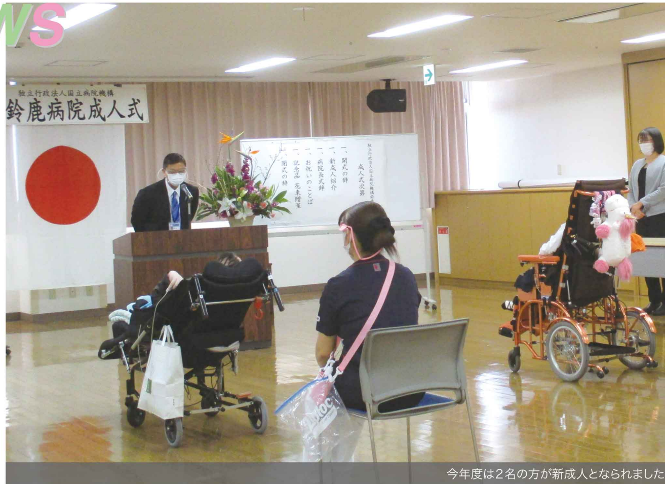
今年度は2名の方が新成人となりました
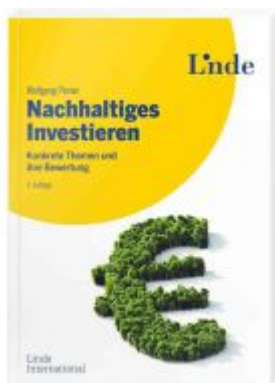
Nachhaltiges Investieren Ladenpreis: 39,00EUR
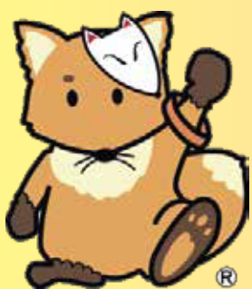
北区認知症支援キャラクター 「こんちゃん」
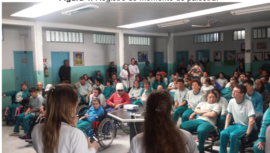
Figura 4: Registro do momento de palestra.

Outro recurso adotado foram as palestras, realizadas uma vez por bimestre, com duração de aproximadamente 30 minutos, sempre em dois turnos (manhã e tarde) a fim de que todos os alunos pudessem participar (Figura 4). Os assuntos abordados eram referentes às principais doenças que ocorrem na cavidade bucal, maneiras de prevenção, tratamento e importância de uma dieta saudável. Essa atividade era realizada com uma linguagem acessível e adequada, além disso era adotado um modelo de diálogo, onde os graduandos buscavam ser provocativos com a plateia, instigando perguntas e interação.
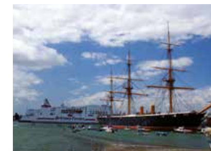
Anglie - Portsmouth

---*---

- **DIRECTIONS**: Transcribe each entry exactly; images stay out.

- **ANSWER SPACE**:
今年度は2名の方が新成人となりました
Nachhaltiges Investieren Ladenpreis: 39,00EUR
北区認知症支援キャラクター 「こんちゃん」
Figura 4: Registro do momento de palestra.

Outro recurso adotado foram as palestras, realizadas uma vez por bimestre, com duração de aproximadamente 30 minutos, sempre em dois turnos (manhã e tarde) a fim de que todos os alunos pudessem participar (Figura 4). Os assuntos abordados eram referentes às principais doenças que ocorrem na cavidade bucal, maneiras de prevenção, tratamento e importância de uma dieta saudável. Essa atividade era realizada com uma linguagem acessível e adequada, além disso era adotado um modelo de diálogo, onde os graduandos buscavam ser provocativos com a plateia, instigando perguntas e interação.
Anglie - Portsmouth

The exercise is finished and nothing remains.